(Activity): The entire listing that follows must be repeated exactly, pictures excluded.

(Collected material):

◇ ◇ ◇ ◇

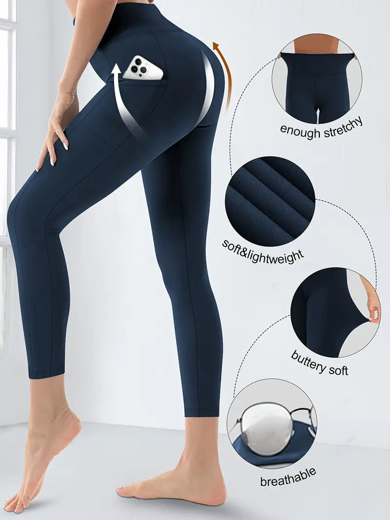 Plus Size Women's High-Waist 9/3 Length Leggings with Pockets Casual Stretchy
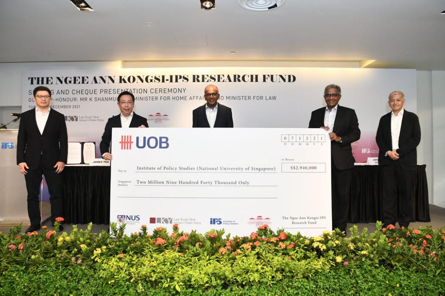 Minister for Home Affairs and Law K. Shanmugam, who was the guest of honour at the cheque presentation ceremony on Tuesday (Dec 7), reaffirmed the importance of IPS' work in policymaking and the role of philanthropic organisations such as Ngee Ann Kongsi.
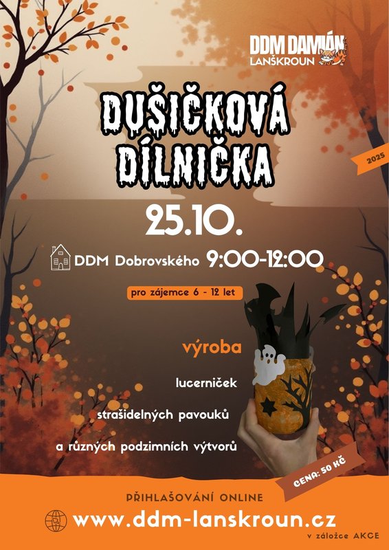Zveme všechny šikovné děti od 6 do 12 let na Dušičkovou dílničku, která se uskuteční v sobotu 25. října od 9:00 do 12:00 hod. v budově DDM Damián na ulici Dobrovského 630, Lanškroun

◇ ◇ ◇ ◇

(Problem solution):
 Plus Size Women's High-Waist 9/3 Length Leggings with Pockets Casual Stretchy
 Minister for Home Affairs and Law K. Shanmugam, who was the guest of honour at the cheque presentation ceremony on Tuesday (Dec 7), reaffirmed the importance of IPS' work in policymaking and the role of philanthropic organisations such as Ngee Ann Kongsi.
Zveme všechny šikovné děti od 6 do 12 let na Dušičkovou dílničku, která se uskuteční v sobotu 25. října od 9:00 do 12:00 hod. v budově DDM Damián na ulici Dobrovského 630, Lanškroun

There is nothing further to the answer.